--- What needs to be done ---
Copy nothing but the lines below running from the line containing "The overall condition" through the line containing "Asker Deposu güvencesiyle", both end lines included.
(Records supplied)
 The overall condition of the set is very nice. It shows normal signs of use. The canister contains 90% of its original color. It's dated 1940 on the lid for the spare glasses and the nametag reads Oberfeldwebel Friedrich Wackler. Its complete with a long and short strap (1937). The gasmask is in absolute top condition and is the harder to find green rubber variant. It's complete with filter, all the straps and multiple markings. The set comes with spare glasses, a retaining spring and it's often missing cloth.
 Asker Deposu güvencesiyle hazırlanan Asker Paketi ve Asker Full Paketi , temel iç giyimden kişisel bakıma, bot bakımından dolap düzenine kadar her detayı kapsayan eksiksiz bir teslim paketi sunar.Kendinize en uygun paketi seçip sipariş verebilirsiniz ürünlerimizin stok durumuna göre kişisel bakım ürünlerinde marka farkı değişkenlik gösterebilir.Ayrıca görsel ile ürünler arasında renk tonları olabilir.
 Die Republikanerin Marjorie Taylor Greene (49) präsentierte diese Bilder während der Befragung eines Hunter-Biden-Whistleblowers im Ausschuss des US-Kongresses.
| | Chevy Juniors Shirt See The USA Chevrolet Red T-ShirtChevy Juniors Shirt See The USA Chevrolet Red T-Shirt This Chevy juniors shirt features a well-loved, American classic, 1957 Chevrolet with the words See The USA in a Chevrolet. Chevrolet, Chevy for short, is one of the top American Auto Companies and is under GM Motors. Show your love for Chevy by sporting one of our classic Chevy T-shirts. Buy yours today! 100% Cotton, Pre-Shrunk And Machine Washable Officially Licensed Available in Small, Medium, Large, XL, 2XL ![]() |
(End Records supplied)
(Records supplied)
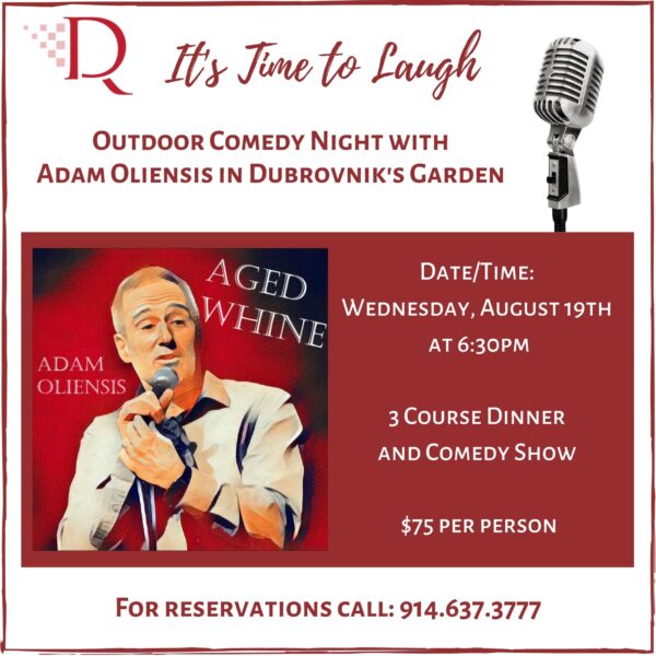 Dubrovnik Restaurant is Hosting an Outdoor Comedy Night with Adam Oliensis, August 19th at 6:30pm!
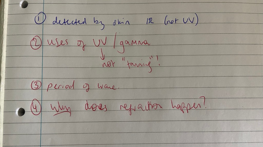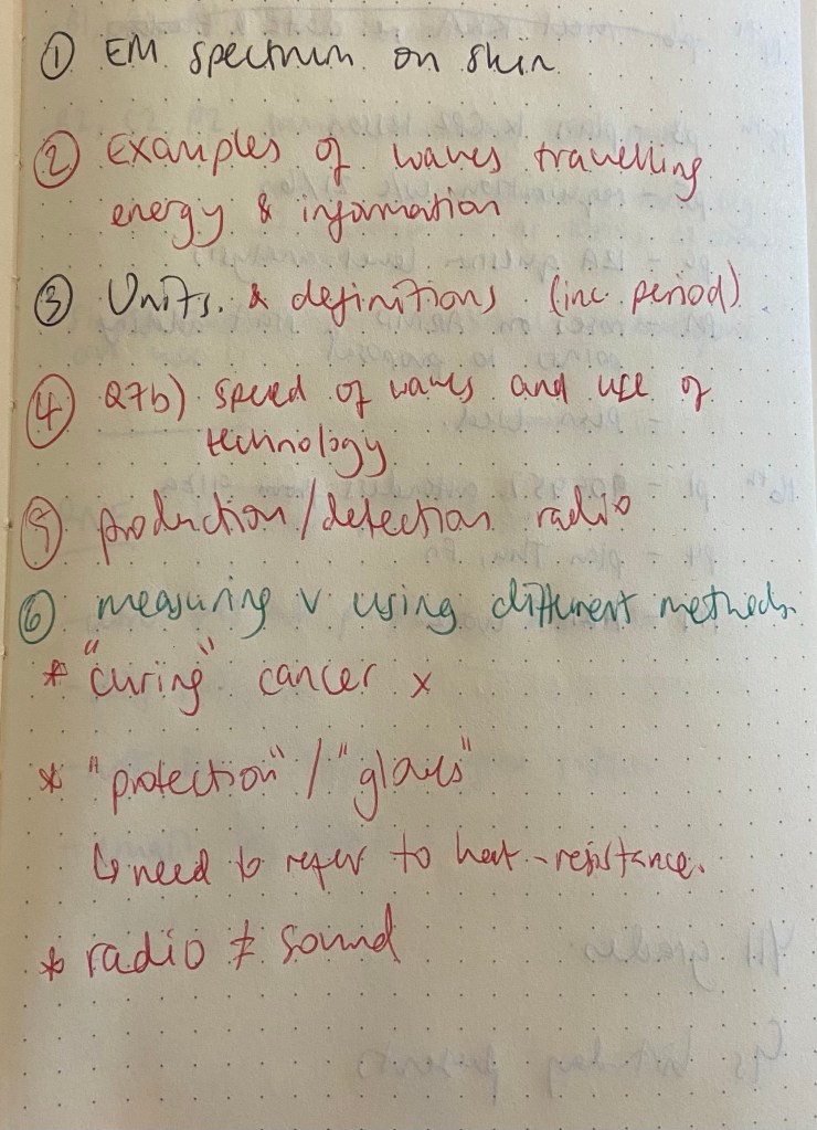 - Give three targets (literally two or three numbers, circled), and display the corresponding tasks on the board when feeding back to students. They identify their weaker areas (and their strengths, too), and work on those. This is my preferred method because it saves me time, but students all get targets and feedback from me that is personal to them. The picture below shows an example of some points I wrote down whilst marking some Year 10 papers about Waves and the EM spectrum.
(End Records supplied)
--- Reply ---
 The overall condition of the set is very nice. It shows normal signs of use. The canister contains 90% of its original color. It's dated 1940 on the lid for the spare glasses and the nametag reads Oberfeldwebel Friedrich Wackler. Its complete with a long and short strap (1937). The gasmask is in absolute top condition and is the harder to find green rubber variant. It's complete with filter, all the straps and multiple markings. The set comes with spare glasses, a retaining spring and it's often missing cloth.
 Asker Deposu güvencesiyle hazırlanan Asker Paketi ve Asker Full Paketi , temel iç giyimden kişisel bakıma, bot bakımından dolap düzenine kadar her detayı kapsayan eksiksiz bir teslim paketi sunar.Kendinize en uygun paketi seçip sipariş verebilirsiniz ürünlerimizin stok durumuna göre kişisel bakım ürünlerinde marka farkı değişkenlik gösterebilir.Ayrıca görsel ile ürünler arasında renk tonları olabilir.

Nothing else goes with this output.